Beyond Views: Measuring and Predicting Engagement in Online Videos
This addresses the need for better resource allocation in attention and promotion for online video platforms, though it is incremental by focusing on measurement and prediction rather than a new paradigm.
The paper tackled the problem of measuring video engagement beyond view counts by analyzing 5.3 million YouTube videos, finding that engagement metrics like time watched are stable over time and predictable with an R2 of 0.77 from video context and channel information.
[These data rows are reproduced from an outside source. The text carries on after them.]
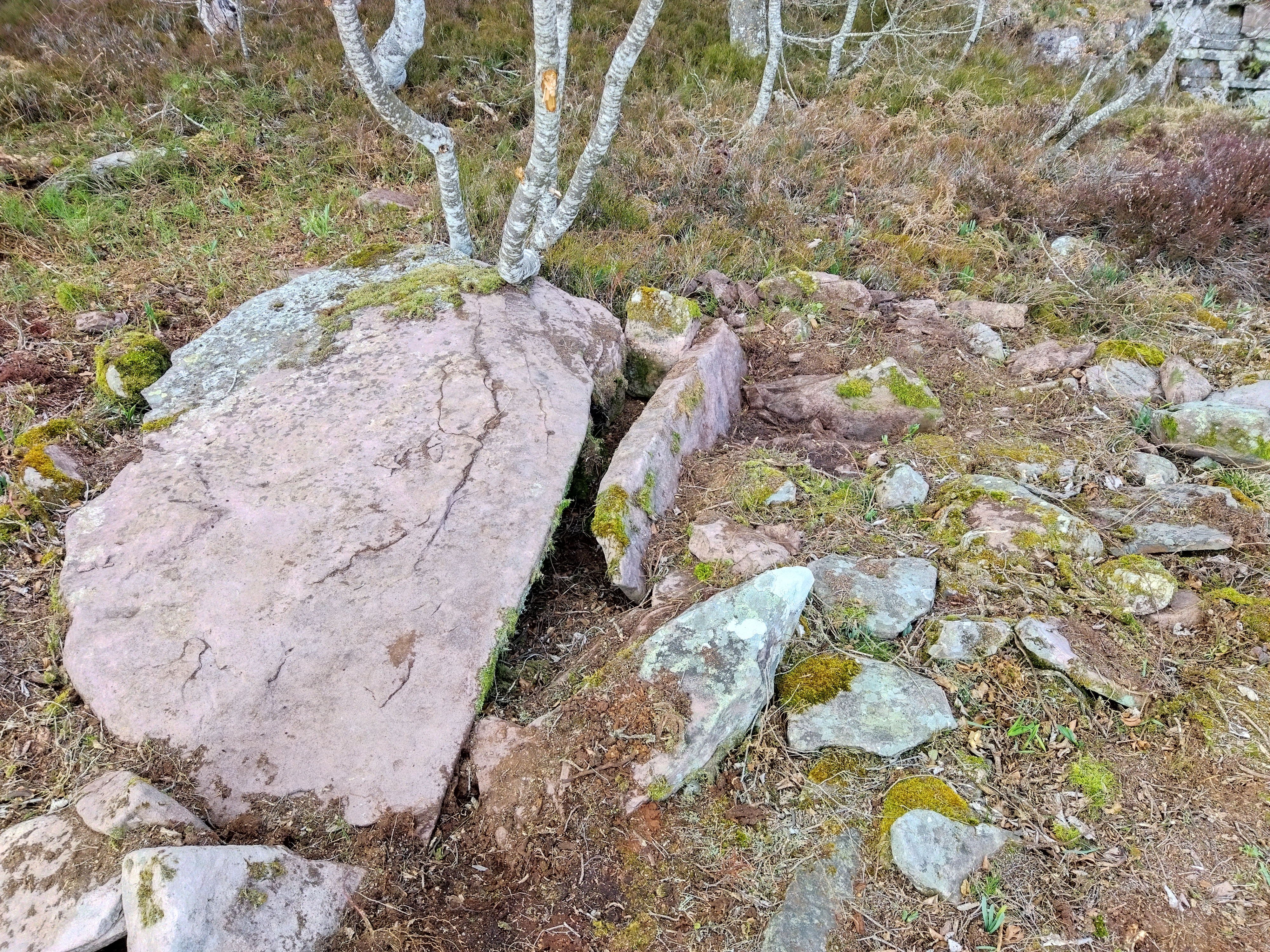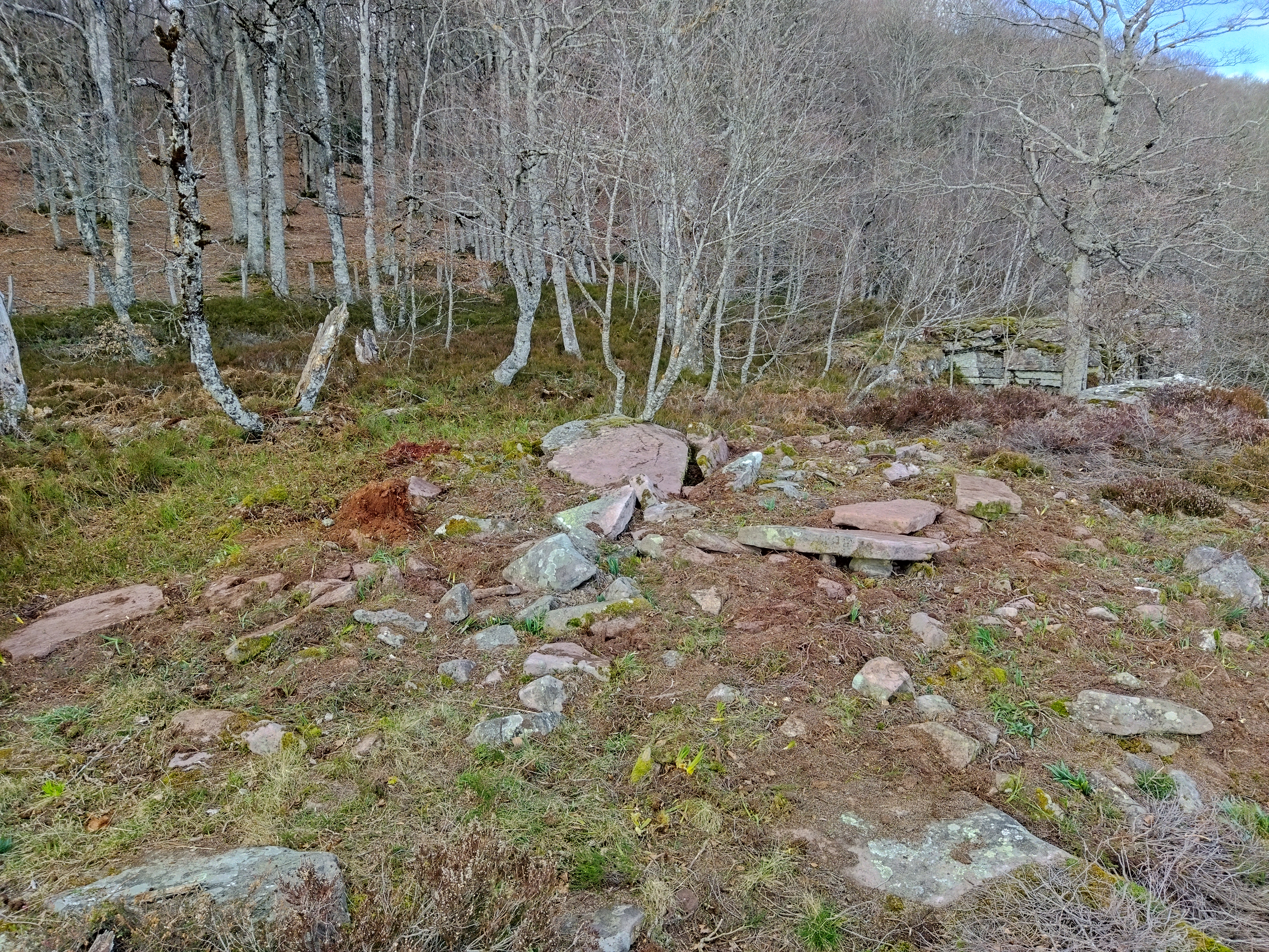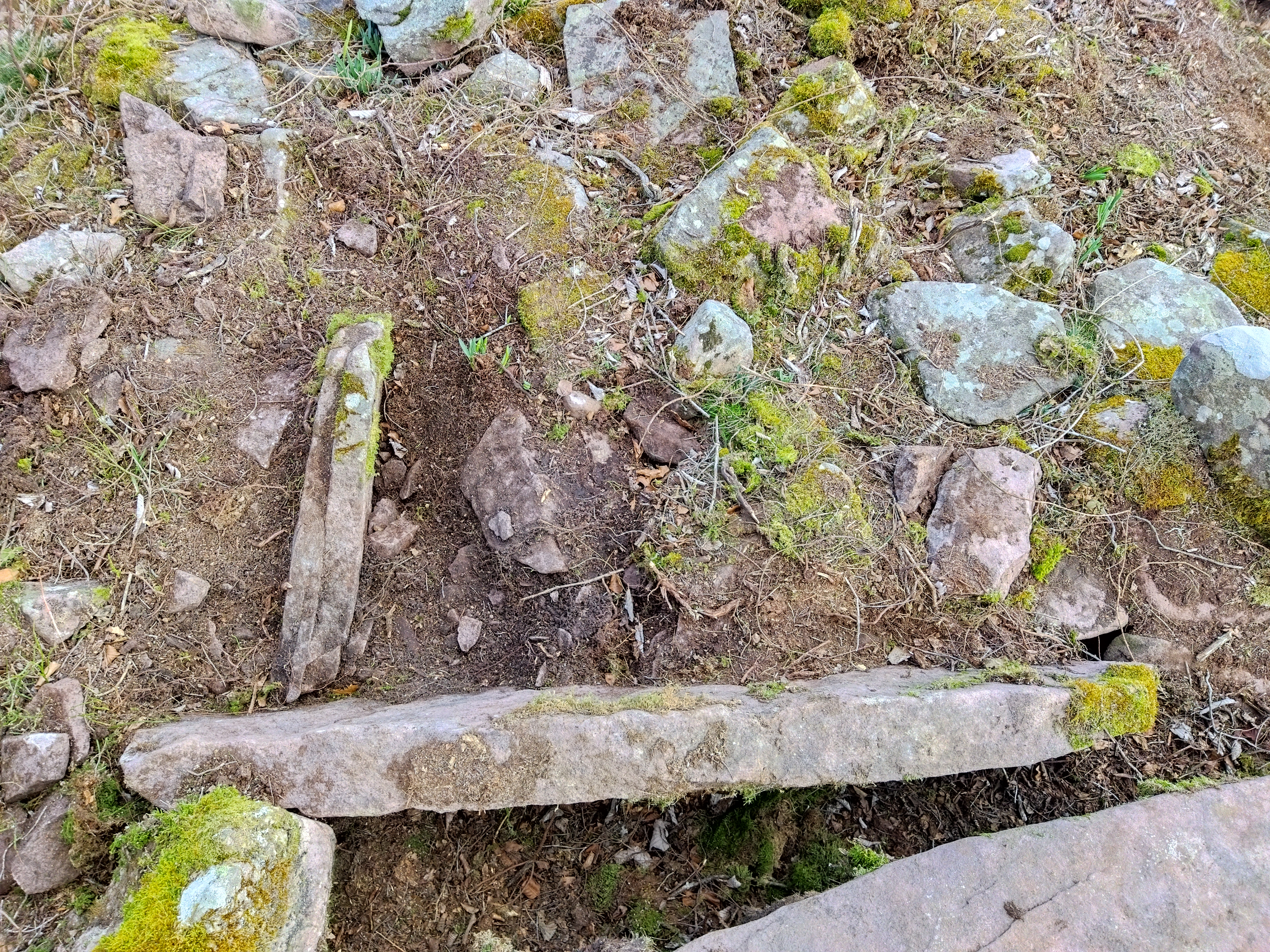 Tumuluaren erdialdean bi harlauza ageri dira eskuairan eta haien alboan estalkia. Tumuluaren gainean beste harlauza batzuk etzanda agertzen dira.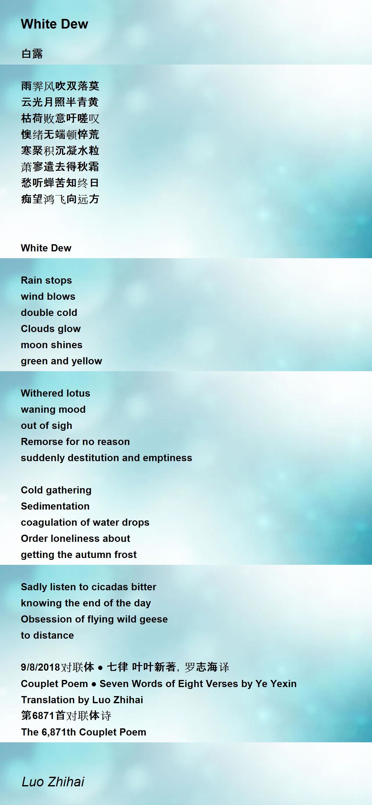 9/8/2018对联体 ● 七律 叶叶新著,罗志海译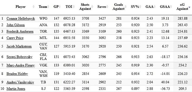 Защита «Виннипега» стабильно обеспечивает его работой. Коннор – самый загруженный вратарь лиги не только в плане количества бросков, но и по совокупной опасности этих бросков. Ниже представлена статистика за последние три сезона, отсортированная по сумме ожидаемых голов в свои ворота в равных составах.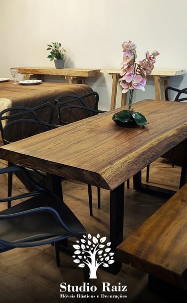 Peças rústicas exclusivas, feitas com madeira natural e acabamento premium.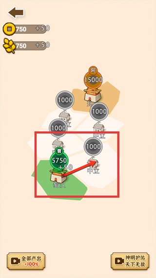 3、出现方框内箭头指标时,松开手即可发动士兵进行占领此区域。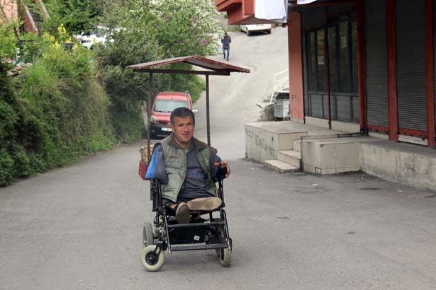 Kırılan sandalyeleri tamir ettirmeye çalıştığını ancak yeniden kırıldığını belirten Çetin "Araba yapalım diye deneme yaptık. Demirlerinden yaptık ama olmadı. Bir türlü olmuyor. Bize şimdi yardım olarak araba verdiler ama verdiği arabalarda benim gücüm onlara yetmedi. Kendiliğinden kırıldılar. Gene onlardan çok teşekkür ederim. Ama benim istediğim yardım olarak şöyle küvetli bir araba istiyorum. Beni taşıyabileceği, çekebileceği bir araba istiyorum onlardan. 550 lira gibi aylık bir ücret alıyorum yardım olarak. Aldığım ücretle simit satarak günlük kazancımı çıkartıyorum.

The share of videos in the internet traffic has been growing, therefore understanding how videos capture attention on a global scale is also of growing importance. Most current research focus on modeling the number of views, but we argue that video engagement, or time spent watching is a more appropriate measure for resource allocation problems in attention, networking, and promotion activities. In this paper, we present a first large-scale measurement of video-level aggregate engagement from publicly available data streams, on a collection of 5.3 million YouTube videos published over two months in 2016. We study a set of metrics including time and the average percentage of a video watched. We define a new metric, relative engagement, that is calibrated against video properties and strongly correlate with recognized notions of quality. Moreover, we find that engagement measures of a video are stable over time, thus separating the concerns for modeling engagement and those for popularity -- the latter is known to be unstable over time and driven by external promotions. We also find engagement metrics predictable from a cold-start setup, having most of its variance explained by video context, topics and channel information -- R2=0.77. Our observations imply several prospective uses of engagement metrics -- choosing engaging topics for video production, or promoting engaging videos in recommender systems.